Gawat ... "Bang, ke kantor aja ya? Aku mau ke rumah Ibu."
"Lho, kenapa ngak aku antar saja?"
"Ngak, Bang. Ini eh ...." Marina melirik Isy. "Aku mau ngomong soal nikahan sepupu. Abang gak kenal pokoknya, orangnya."
"Ya gak papa. Dikenalinlah, biar Abang kenal. 'Kan dia sepupu kamu."
"Eh, tapi habis itu mau keliling-keliling cari bahan untuk mas kawinnya."
"Bukankah lebih enak ditemani? Cari-cari barang seperti itu bukankah butuh seorang sopir?"
"Eh ...." Wanita itu kembali melirik Isy, kebingungan. Tiba-tiba ia mendapat ide. "Oh ya, aku butuh Isy tapi gak bisa bawa Farrel. Mungkin naik turun eskalator. Apa Abang bisa jagain Farrel?"

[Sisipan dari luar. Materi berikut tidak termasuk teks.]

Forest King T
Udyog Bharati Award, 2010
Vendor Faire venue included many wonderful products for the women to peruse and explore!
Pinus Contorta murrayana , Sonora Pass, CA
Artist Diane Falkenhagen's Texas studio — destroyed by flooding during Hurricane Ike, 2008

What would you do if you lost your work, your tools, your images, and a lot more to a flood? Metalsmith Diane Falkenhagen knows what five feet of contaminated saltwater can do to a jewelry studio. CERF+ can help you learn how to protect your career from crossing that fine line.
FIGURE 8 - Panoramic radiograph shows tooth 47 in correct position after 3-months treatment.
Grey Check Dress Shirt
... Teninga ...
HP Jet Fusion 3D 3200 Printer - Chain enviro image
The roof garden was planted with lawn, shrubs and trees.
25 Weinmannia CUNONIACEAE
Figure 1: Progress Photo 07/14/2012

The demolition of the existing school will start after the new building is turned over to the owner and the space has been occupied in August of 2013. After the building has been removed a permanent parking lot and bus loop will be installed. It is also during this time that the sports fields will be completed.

Pria bule itu menghela napas. "Ya, sudah," ucapnya kecewa. "Tapi hati-hati ya? My Sweety(manisku)" Ia mencubit pipi istrinya lembut.
Marina tersenyum lebar. Akhirnya ... "Iya."

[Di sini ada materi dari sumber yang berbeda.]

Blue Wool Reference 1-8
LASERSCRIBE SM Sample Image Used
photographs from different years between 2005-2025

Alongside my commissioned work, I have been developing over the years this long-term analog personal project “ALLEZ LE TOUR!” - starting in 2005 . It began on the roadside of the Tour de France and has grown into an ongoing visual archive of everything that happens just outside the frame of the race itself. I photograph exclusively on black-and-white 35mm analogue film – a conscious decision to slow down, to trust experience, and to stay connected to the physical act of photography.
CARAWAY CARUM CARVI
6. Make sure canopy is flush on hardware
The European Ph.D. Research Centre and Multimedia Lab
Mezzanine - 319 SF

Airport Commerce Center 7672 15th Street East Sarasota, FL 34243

"Tapi jangan mau disentuh-sentuh pria ya?"
Marina tersenyum menahan tawa. Ia memutar bola matanya tak percaya. "Honey, kamu cemburu?"
Abigail melirik babysitter Farrel. "Isy, pastikan tidak ada pria yang sengaja menyentuhnya," titahnya.
Isy hanya menahan tawa. Kenapa bule tampan seperti Pak Abigail takut istrinya digaet orang? Aneh. Kalau pergi ya cari lagi lah! Pria tampan seperti dirinya tak susah mencari istri lagi, kenapa mencemburui istri yang baru kurus ini? Di luar 'kan banyak wanita yang lebih cantik dari Ibu Marina. Apa ada yang salah dengan matanya? "Baik, Pak."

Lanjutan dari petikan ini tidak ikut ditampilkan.